Objective: Myocardial ischemic damage is reduced by volatile anesthetics in patients undergoing coronary artery bypass graft surgery. The authors tested the hypothesis that low-dose sevoflurane could decrease perioperative myocardial damage, as measured by cTnI release, when compared with placebo, in patients undergoing interventional cardiology procedures.
Design: A single-blind, randomized controlled trial.
Setting: A university hospital.
Participants: Thirty patients undergoing stenting procedures (May 2005) were included in the present study.
Interventions: The authors randomly assigned 16 patients to breathe sevoflurane (expired end-tidal concentration 1%) and 14 patients to breathe a placebo oxygen/air mix before stenting procedures.
Measurements and main results: Postprocedural cardiac troponin I release was measured as a marker of myocardial necrosis. Sixteen patients had detectable cardiac troponin I levels after stenting procedures, with no difference between groups: 10 in the sevoflurane group (16 patients) versus 6 in the placebo group (14 patients) (p = 0.3).
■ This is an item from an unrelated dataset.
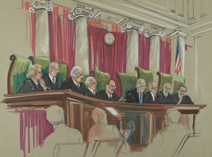 The Supreme Court hearing a case in 1986. Artist: Marilyn Church. Prints and Photographs Division.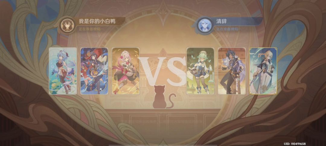 UID 110491658 玩家 我是你的小白鸭 女仆打双风小劣,牌运决胜! 运营思路 开局找甘雨天赋,狼末。甘雨速速触发天赋,然后女仆斩杀即可。琴是往右换人,砂糖是往左换人,卡好位置其实就相当于对手免费帮我们换人!

No difference in the amount of postprocedural median (interquartile range) cardiac troponin I release was noted between the sevoflurane group, 0.15 (0-4.73) ng/mL, and the placebo group, 0.14 (0-0.87) ng/mL (p = 0.4).
Conclusions: Myocardial damage measured by cardiac troponin release was not reduced by the volatile anesthetic sevoflurane during interventional cardiology procedures in this study.